Wednesday 31 July 2019

Book Review. The Cosmology of Love

Book review

The Cosmology of Love by Edmund Wigram.

The concept of love at the heart of being is not new.

Empedocles stated ' At the beginning of time, Love completely dominated the universe'. Empedocles was born around 490 BC, and still today scientists, philosophers and religious thinkers grapple with the enormity of the Cosmos and our individual status on that tiny speck we call Earth.

Edmund Wigram has found a way to explore the complexity of being and consciousness through embracing love as the energy for life. He explains how love nourishes the heart, that sacred place of peace  which can be found within us through meditation and teaching. His views are written with clarity and following each short chapter are hints on how to delve deeper by imagining the beauty of nature as a tool to allow love to begin flowing into your heart place.

Choice underlies each and every statement. We are all free to choose and this, to me, emphasises the inclusivity of his ideas. No matter what gender, no matter what religious beliefs, no matter what culture, everyone can find tenets of truth in these writings.

This book straddles the self-help and philosophy categories. In these days of increasing complexity of human life where loneliness and depression are pits that anyone can find themselves falling into, this book offers succour.

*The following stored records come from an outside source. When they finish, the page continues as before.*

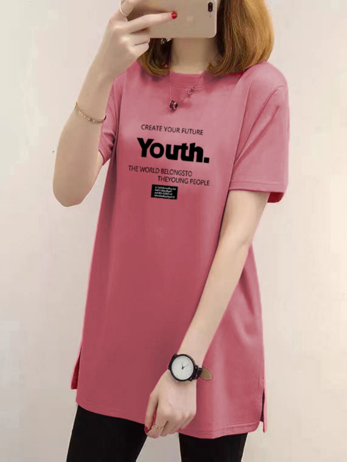 HomeProducts夏季100%纯棉中长款短袖t恤女时尚宽松显瘦大码女装休闲开叉上衣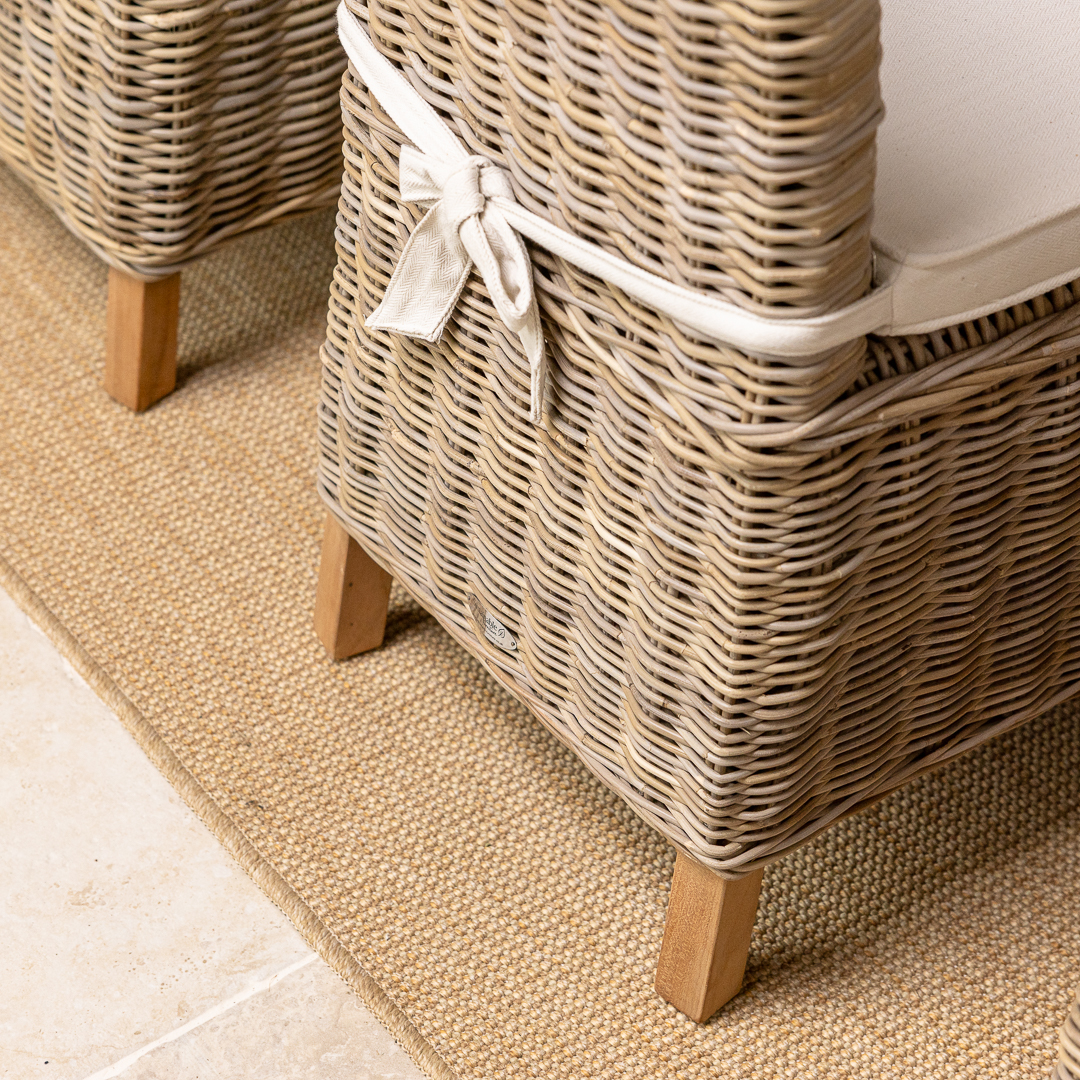 Natural Kubu Wicker Indoor/Outdoor Scroll Dining Armchair with Natural Linen CushionIn stock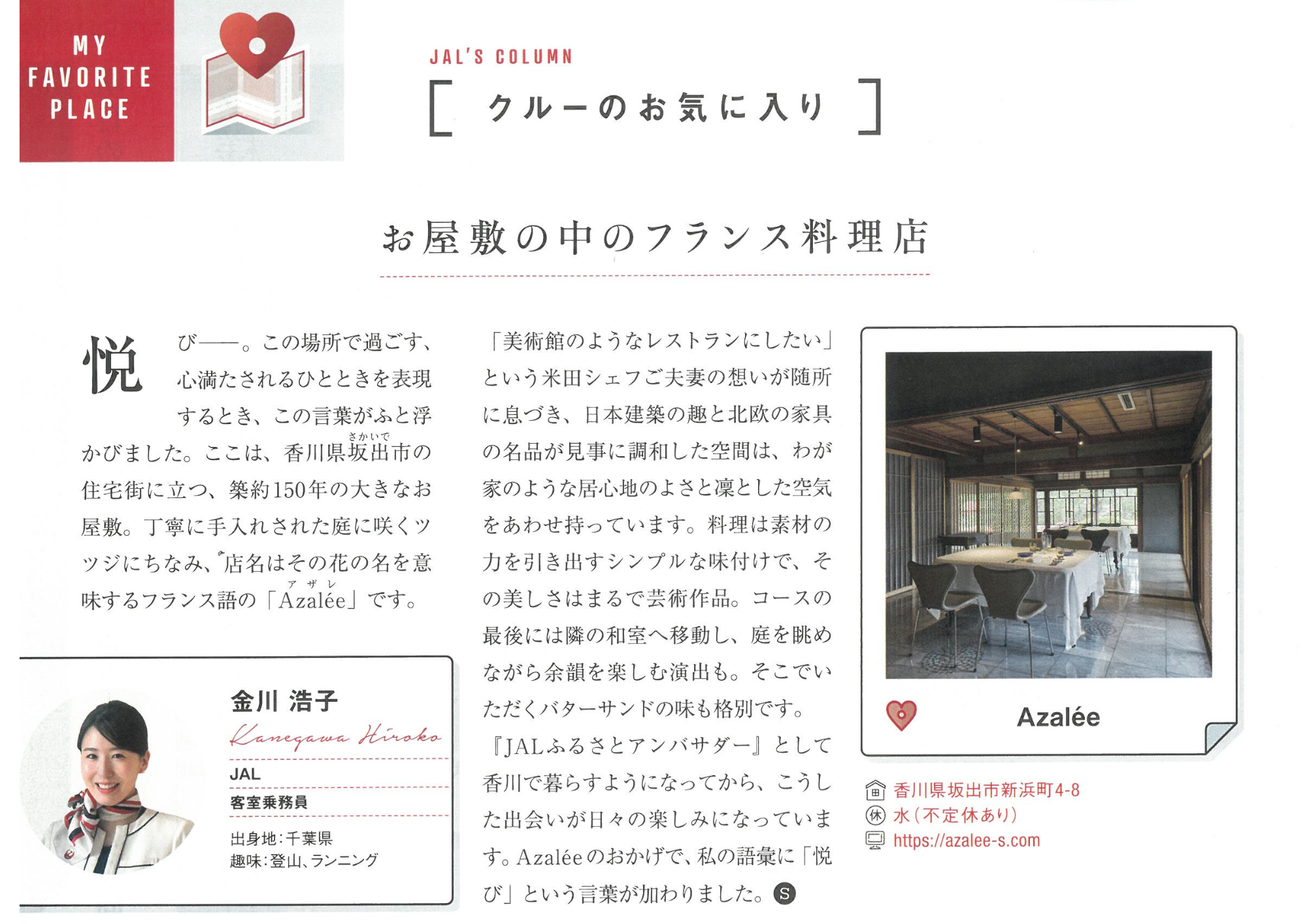 【JALの機内誌に掲載】Azalée(香川県坂出市のフレンチレストラン・アザレ)

I have the great privilege of knowing this author, one of our local writers. He has spent the past thirty years as a healer, travelling the world and learning from eminent healers. This book he has described to me as his life's work, though he was quick to comment that he has not yet finished, and we must wait for the next instalment.

Saturday 27 July 2019

How I became a writer at 30,(or 50, 60, or any other age)

How I became a writer at 30,(or 50, 60, or any other age)

I have read a number of articles by writers enthusing about their blossoming career at a mature age. In fact, the majority explain how they have become published writers ( as if this is the only goal), and they use their post as a way of further promoting their work.
This is not useful to the average beginner. Of course it is encouraging to hear of an author who publishes their first book or first poetry collection and I applaud them for their effort, but when just starting out, the process of writing relies on self belief rather than envy.
I would say to anyone wanting to start writing, your age is entirely irrelevant.
The words that you want to get on paper will keep trying to surface through your everyday thoughts until you embark on that journey. And when you do, you will be captivated by the whole procedure. Whether it results in a published piece of work or not is far less important than the pleasure you will gain through writing.  
So don't be influenced by the experience of others.
 Begin, and your life will be changed for the better.

#amwriting #encourage  

Monday 22 July 2019

Let's read

My desk is beginning to look  like this

I made a New Year's resolution this year to read more and to read outside my comfort zone, to dip into different genres and extend my range.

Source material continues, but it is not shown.